I think using facebook as a way to advertise interesting threads that exist here is a good idea. We don't necessarily want competing threads on both the forum and facebook, but having a way for younger people to access the wealth of information that exists on the forum is a good idea, IMO.

Or I can be the last person to turn out the lights when we all get old and move on to the next adventure.
 
I think the whole expansion of ScubaBoard into prominent social media platforms is aimed at increasing site traffic and therefore ad revenue. Our claim to fame is the “largest online community”. Let us ponder that for a moment…not the “most reliable”, not the “most trusted” and not “highest number of industry professionals” but simply world’s largest.

Great…we’re like Wal-Mart or Starbucks.

Whether that revenue is strictly for server maintenance or to pay the rent, I can’t tell. Whatever the case may be, the FB and IG traffic-increasing modus operandi doesn’t seem all that foreign when I see silly bickering on ScubaBoard allowed to run on and on. I recently heard open endorsement of folks posting wrong information or wild conjecture so that others can come in to correct the record.

I think there’s enough marketing for diving as it is. Even if ScubaBoard’s intentions were more altruistic, I don’t think ScubaBoard’s expansion to social media (past this forum) is going to usher in a new era or tip the balance of the industry and bring about a quality control revolution in training. Has ScubaBoard coalesced any observations into vetted conclusions and influenced the outcomes of any WRSTC’s proceedings? Increased scrutiny of licensing organizations? Doesn’t appear so.

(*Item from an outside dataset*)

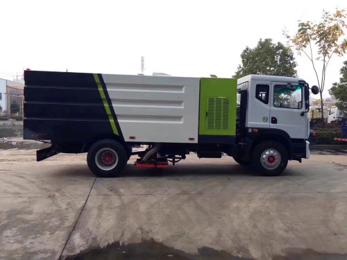 9、駕駛室手動按鈕式液壓系統驅動主吸盤升降、左右副吸盤驅動、脈沖清理功能、垃圾箱后門開閉、垃圾箱傾翻復位等機械動作。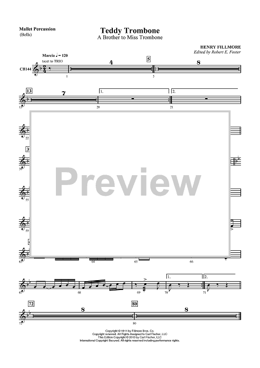 Digital Sheet Music for Teddy Trombone - A Brother to Miss Trombone - Mallet Percussion by , Henry Fillmore, Robert E. Foster scored for Concert Band; id:435465

Besides, I don’t think the world really needs to expand diving to a broader audience; it’s not like driver’s training. I think we just need more proficient divers who dive more often.
 
None. Never.

I have noted the atrophy or death of forum after forum in multiple subject areas as they are displaced by or shift content to so called social media platforms that are increasingly monitored and controlled by the man. Leave me out.